### EXERCISE DIRECTIONS
Copy out the entire listing below exactly, but without its pictures.

### SUPPLIED MATERIAL
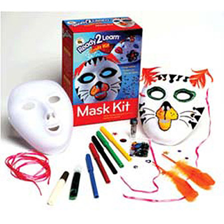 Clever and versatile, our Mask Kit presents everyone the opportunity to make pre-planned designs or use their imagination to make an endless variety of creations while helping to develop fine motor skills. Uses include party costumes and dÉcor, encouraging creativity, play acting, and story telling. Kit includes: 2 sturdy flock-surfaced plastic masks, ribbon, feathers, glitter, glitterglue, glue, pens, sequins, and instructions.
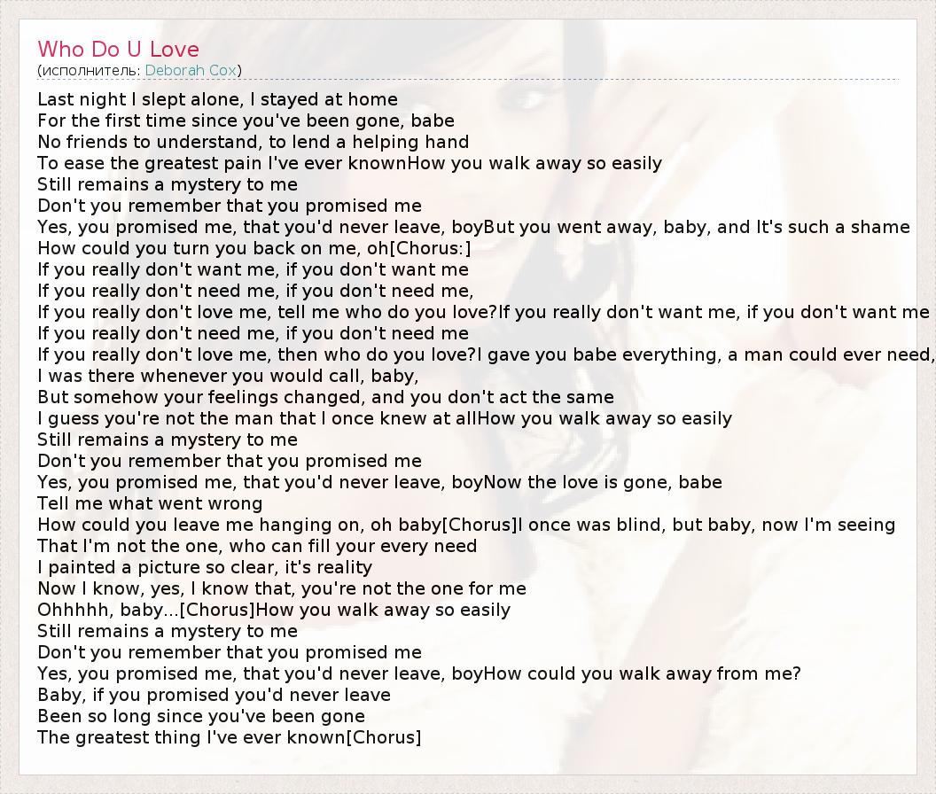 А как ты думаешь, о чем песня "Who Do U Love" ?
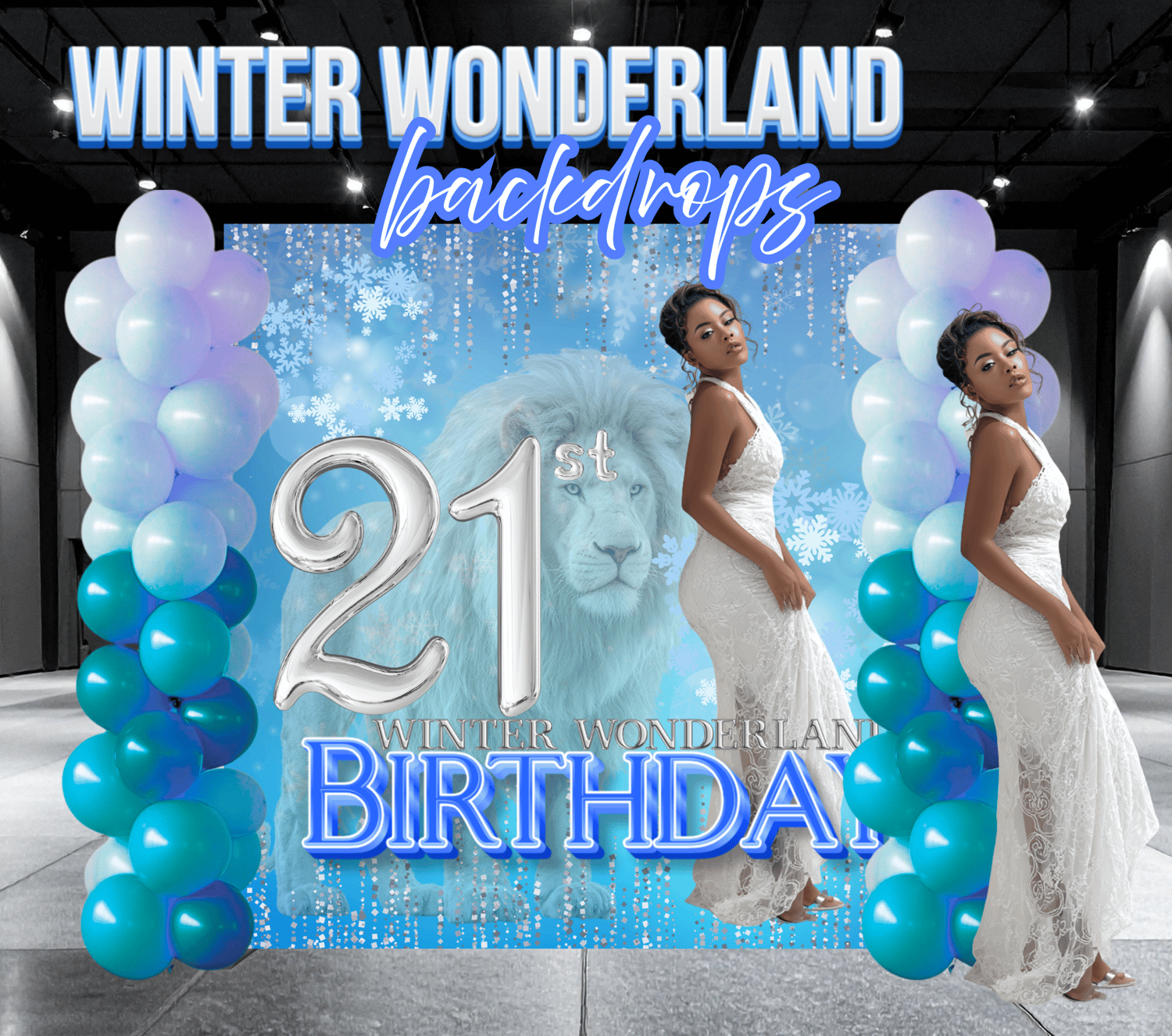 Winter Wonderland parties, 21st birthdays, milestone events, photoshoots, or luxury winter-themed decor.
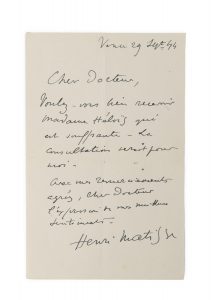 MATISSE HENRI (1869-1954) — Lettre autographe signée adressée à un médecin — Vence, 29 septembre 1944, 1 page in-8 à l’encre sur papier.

### SOLUTION TO THIS TASK
 Clever and versatile, our Mask Kit presents everyone the opportunity to make pre-planned designs or use their imagination to make an endless variety of creations while helping to develop fine motor skills. Uses include party costumes and dÉcor, encouraging creativity, play acting, and story telling. Kit includes: 2 sturdy flock-surfaced plastic masks, ribbon, feathers, glitter, glitterglue, glue, pens, sequins, and instructions.
 А как ты думаешь, о чем песня "Who Do U Love" ?
 Winter Wonderland parties, 21st birthdays, milestone events, photoshoots, or luxury winter-themed decor.
 MATISSE HENRI (1869-1954) — Lettre autographe signée adressée à un médecin — Vence, 29 septembre 1944, 1 page in-8 à l’encre sur papier.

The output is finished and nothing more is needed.